Sheila Lynne "Cleo" Odzer was born on April 6th 1950 .
She grew up in a wealthy Jewish family in Manhattan, New York City and attended Franklin School (now Dwight School) and Quintano’s School for Young Professionals, graduating from the latter in 1968. At about that time, she began writing about the music scene for a small Greenwich Village newspaper. She met Keith Emerson, then member of the rock band The Nice and later of Emerson, Lake & Palmer, at The Scene nightclub and they were briefly engaged. According to Odzer, Emerson broke off the engagement when he saw a February 1969 Time Magazine article that published her photo and described her as a "Super Groupie." Shortly thereafter in 1969 she recorded an album called The Groupies, produced by Alan Lorber, which essentially consisted of interviews with Cleo and some friends describing their adventures meeting (and sleeping with) rock musicians.
In the early 1970s, Odzer traveled in Europe and the Middle East and worked as a model. She spent the late 1970s in the hippie culture of Anjuna, Goa in India.
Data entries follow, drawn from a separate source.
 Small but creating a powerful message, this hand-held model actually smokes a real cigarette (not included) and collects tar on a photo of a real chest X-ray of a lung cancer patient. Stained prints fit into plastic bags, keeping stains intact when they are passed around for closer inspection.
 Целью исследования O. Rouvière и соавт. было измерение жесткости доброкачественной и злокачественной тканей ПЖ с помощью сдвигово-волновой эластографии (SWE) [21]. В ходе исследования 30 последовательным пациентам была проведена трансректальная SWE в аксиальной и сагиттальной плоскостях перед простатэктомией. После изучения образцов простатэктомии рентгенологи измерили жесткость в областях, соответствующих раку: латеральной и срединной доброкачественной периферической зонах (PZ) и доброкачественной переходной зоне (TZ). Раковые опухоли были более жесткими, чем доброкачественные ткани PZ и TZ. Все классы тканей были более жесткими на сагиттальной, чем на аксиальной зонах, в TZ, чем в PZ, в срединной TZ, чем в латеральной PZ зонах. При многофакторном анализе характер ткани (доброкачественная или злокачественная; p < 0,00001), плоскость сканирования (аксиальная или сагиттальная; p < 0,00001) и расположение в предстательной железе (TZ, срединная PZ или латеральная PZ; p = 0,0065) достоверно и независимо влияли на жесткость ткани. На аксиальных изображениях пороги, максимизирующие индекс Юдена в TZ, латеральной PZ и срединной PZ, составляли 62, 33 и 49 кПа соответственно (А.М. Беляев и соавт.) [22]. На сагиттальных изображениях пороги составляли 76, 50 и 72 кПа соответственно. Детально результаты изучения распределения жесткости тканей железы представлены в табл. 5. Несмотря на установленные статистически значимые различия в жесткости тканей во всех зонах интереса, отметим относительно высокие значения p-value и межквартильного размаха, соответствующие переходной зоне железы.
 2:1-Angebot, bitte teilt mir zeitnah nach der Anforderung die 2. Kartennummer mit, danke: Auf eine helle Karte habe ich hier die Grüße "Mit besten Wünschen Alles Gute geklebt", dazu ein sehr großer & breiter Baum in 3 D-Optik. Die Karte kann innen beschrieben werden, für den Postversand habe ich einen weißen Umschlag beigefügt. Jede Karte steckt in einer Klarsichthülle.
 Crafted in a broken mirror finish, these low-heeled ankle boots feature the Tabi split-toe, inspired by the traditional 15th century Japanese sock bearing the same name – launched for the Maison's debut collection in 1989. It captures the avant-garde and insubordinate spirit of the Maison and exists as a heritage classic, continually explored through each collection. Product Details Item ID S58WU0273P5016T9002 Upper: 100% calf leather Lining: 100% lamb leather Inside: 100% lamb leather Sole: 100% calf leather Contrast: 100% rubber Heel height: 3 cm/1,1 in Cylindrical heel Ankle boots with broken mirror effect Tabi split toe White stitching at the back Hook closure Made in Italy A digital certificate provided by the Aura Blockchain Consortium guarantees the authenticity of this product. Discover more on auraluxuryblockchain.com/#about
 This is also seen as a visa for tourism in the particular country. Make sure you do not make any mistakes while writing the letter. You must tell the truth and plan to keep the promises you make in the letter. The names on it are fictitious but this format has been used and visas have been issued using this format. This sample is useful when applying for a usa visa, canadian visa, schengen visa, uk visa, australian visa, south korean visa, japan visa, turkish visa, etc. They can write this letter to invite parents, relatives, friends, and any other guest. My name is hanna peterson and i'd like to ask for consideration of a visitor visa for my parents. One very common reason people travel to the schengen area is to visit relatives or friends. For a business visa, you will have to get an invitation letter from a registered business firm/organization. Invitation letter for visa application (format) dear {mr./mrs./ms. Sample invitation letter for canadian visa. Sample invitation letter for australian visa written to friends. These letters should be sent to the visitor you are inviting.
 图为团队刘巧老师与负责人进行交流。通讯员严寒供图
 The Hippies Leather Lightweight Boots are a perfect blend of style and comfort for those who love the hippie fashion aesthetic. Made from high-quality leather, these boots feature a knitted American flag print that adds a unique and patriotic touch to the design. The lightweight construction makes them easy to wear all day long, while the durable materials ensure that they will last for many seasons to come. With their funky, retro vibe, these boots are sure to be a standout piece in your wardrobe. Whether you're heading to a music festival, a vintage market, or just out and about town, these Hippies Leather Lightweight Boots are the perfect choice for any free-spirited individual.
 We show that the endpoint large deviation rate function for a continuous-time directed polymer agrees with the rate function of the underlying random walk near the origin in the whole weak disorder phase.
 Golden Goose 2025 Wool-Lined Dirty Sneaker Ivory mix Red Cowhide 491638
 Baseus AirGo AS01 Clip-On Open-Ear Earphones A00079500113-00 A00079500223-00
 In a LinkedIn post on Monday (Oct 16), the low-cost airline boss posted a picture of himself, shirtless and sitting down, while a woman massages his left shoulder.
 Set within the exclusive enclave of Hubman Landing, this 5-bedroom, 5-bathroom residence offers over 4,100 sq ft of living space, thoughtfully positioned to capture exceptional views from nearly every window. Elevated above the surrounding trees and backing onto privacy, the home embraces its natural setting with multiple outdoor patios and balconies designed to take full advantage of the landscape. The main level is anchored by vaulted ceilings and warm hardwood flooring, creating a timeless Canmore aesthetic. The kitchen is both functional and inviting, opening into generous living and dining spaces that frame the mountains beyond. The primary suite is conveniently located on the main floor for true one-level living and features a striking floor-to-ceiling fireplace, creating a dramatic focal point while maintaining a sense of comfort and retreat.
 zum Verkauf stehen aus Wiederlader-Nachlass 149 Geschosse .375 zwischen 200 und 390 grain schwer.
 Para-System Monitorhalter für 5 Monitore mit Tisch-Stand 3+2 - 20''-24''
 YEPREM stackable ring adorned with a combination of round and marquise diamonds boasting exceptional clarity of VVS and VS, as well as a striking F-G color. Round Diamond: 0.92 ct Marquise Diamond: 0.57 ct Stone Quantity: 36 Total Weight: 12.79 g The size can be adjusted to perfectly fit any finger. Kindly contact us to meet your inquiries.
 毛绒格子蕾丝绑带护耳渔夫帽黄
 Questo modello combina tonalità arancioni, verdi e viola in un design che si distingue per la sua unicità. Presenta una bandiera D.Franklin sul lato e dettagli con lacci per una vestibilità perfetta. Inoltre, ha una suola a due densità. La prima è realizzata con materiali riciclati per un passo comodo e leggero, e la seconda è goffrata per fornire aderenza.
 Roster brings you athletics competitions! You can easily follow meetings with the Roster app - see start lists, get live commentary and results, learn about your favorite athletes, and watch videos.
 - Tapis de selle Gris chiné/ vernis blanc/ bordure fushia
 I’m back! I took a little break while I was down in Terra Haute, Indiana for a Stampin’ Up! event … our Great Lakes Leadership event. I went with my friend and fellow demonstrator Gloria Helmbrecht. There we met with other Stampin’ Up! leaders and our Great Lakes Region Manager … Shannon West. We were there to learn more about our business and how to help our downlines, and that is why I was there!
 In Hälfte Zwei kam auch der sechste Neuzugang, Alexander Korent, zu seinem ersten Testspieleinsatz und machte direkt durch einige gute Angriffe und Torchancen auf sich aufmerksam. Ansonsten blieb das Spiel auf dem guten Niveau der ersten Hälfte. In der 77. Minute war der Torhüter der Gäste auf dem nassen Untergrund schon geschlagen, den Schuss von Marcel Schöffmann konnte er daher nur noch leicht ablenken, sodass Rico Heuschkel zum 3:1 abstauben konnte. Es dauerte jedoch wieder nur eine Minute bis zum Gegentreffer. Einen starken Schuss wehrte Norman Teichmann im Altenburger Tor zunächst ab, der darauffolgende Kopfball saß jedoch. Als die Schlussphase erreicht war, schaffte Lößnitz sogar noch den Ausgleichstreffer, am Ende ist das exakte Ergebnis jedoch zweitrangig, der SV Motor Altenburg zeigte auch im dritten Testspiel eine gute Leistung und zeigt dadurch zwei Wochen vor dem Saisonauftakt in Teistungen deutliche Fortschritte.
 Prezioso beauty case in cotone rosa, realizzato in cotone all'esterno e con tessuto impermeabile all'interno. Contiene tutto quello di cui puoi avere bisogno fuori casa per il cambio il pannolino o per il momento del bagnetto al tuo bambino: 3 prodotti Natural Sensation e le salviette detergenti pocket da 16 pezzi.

Her experiences there, including heavy use of cocaine and heroin, the international drug smuggling used to finance the stay, and her subsequent two-week incarceration, would later form the basis of her second book, Goa Freaks: My Hippie Years in India (1995). For a time she followed the teachings of Bhagwan Shree Rajneesh in India. After her return to the United States in the late 1970s, Odzer underwent drug treatment at Daytop in New York. She entered college, then graduate school, and in 1990 obtained a Ph.D. in anthropology from The New School for Social Research in New York City with a thesis on prostitution in Thailand. Her experiences in Thailand were described in her first book, Patpong Sisters: An American Woman's View of the Bangkok Sex World (1994).
While in the States she wrote other book published in 1997: Virtual Spaces: Sex and the Cyber Citizen. The new frontier. By explicitly chronicling her own life and adventures on the web, she reveals our own deepest wishes, our darkest desires, and our universal need to connect. She tackles such controversial issues as net sex and pornography, ethics in cyberspace, digital obsessions and love affairs. In the end, she discovers a virtual community as rich and diverse as any real-life counterpart--a brave new world of e-mail, chat rooms, and video-conferencing that, despite its modern trappings, provides a direct line to the most basic of human desires: the need for intimacy, passion, a sense of belonging, and love. A brave and exiting voyage into the sexual cybersphere.
Disappointed with life in New York, in 1999 Odzer returned to Goa, where some of the remaining old-time hippies disliked her because of the publicity her book had brought to the scene. She died there in 2001.
A good friend of hers who had been corresponding with Odzer during her final stay in India, "Cookie" (with whom she recorded The Groupies), reports that Odzer's doctor (who had been away when she died) said she probably died of a stroke related to very high cholesterol and serious circulatory problems that she was being treated for during her final year, and that her body had been cremated after a small service. But a researcher, Arun Saldanha, who interviewed members of the Goa community about Odzer, reports being told by a psychiatrist at the Goa Medical College some ten months after her death that her body had lain unclaimed in a morgue in Mapusa for more than a month until finally she had been buried in Mapusa without a funeral, and that she had had AIDS. Saldanha also reports having seen Odzer use cocaine during an interview he had with her sometime before her death.
The 2002 documentary Last Hippie Standing by Marcus Robbin covered the Goa scene and featured some of Cleo Odzer's old super-8 footage from the 1970s. She was interviewed by Robbins for the film in Goa shortly before her death, and said: I don't know what the future brings, but I know what I don't want: New York is what I don't want, that culture is what I don't want; it's not right. I don't know what is right. I don't think our old life was right. I don't see a new culture that is right, but we have to continue trying, that's the best we can do, that's the best any of us can do, to keep trying. To make something that is peaceful for everybody, that makes people happy, that is fair to everybody. And that's all I want.